▶ _EXERCISE_
Only the lines from the one with "式中,CV為電網(wǎng)" through the last line of the data below are to be duplicated, exactly and without pictures.

########################################

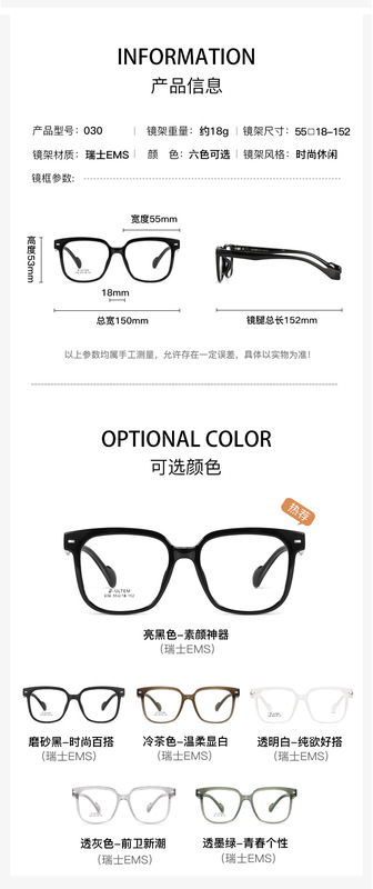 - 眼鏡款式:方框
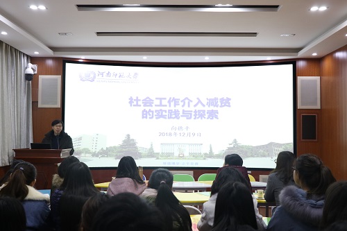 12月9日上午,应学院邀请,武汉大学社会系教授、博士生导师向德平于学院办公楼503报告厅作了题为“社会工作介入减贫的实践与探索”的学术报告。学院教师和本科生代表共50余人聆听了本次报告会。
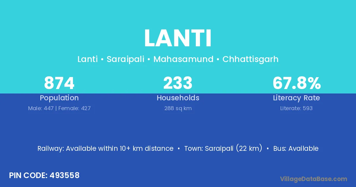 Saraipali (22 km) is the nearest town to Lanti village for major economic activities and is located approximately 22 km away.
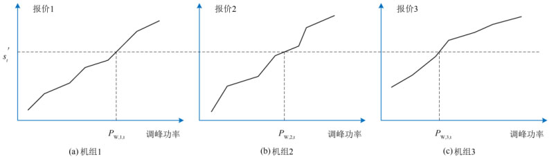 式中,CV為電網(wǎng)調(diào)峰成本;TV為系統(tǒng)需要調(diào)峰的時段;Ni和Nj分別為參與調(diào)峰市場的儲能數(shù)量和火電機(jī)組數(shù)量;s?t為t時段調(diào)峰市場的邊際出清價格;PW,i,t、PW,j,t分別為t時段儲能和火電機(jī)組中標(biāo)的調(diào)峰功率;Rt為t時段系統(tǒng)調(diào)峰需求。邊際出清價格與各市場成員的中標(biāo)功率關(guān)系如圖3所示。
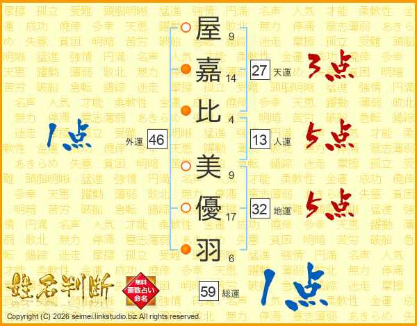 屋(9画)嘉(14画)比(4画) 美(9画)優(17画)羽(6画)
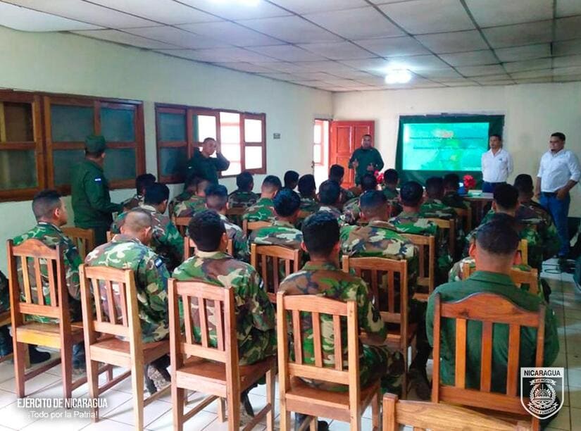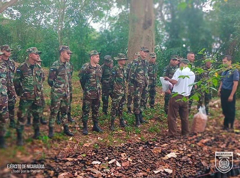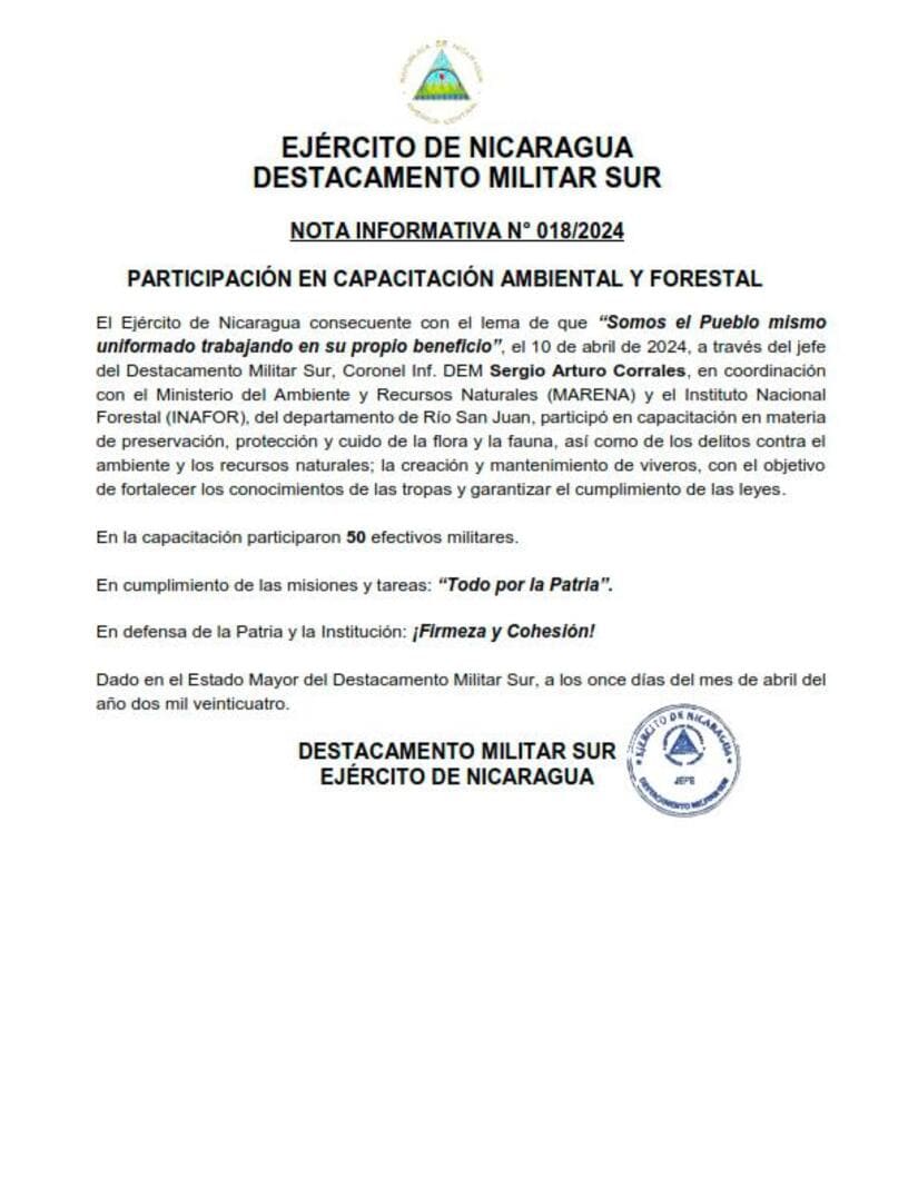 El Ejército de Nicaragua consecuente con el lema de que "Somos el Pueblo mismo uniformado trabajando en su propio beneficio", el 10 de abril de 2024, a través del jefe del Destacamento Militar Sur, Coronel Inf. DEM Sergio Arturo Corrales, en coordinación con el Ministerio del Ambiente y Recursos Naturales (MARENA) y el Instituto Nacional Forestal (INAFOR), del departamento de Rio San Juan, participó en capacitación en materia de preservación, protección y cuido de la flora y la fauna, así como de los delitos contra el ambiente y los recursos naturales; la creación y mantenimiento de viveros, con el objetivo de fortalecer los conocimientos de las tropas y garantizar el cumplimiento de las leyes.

########################################

▶ _TASK RESPONSE_
 式中,CV為電網(wǎng)調(diào)峰成本;TV為系統(tǒng)需要調(diào)峰的時段;Ni和Nj分別為參與調(diào)峰市場的儲能數(shù)量和火電機(jī)組數(shù)量;s?t為t時段調(diào)峰市場的邊際出清價格;PW,i,t、PW,j,t分別為t時段儲能和火電機(jī)組中標(biāo)的調(diào)峰功率;Rt為t時段系統(tǒng)調(diào)峰需求。邊際出清價格與各市場成員的中標(biāo)功率關(guān)系如圖3所示。
 屋(9画)嘉(14画)比(4画) 美(9画)優(17画)羽(6画)
 El Ejército de Nicaragua consecuente con el lema de que "Somos el Pueblo mismo uniformado trabajando en su propio beneficio", el 10 de abril de 2024, a través del jefe del Destacamento Militar Sur, Coronel Inf. DEM Sergio Arturo Corrales, en coordinación con el Ministerio del Ambiente y Recursos Naturales (MARENA) y el Instituto Nacional Forestal (INAFOR), del departamento de Rio San Juan, participó en capacitación en materia de preservación, protección y cuido de la flora y la fauna, así como de los delitos contra el ambiente y los recursos naturales; la creación y mantenimiento de viveros, con el objetivo de fortalecer los conocimientos de las tropas y garantizar el cumplimiento de las leyes.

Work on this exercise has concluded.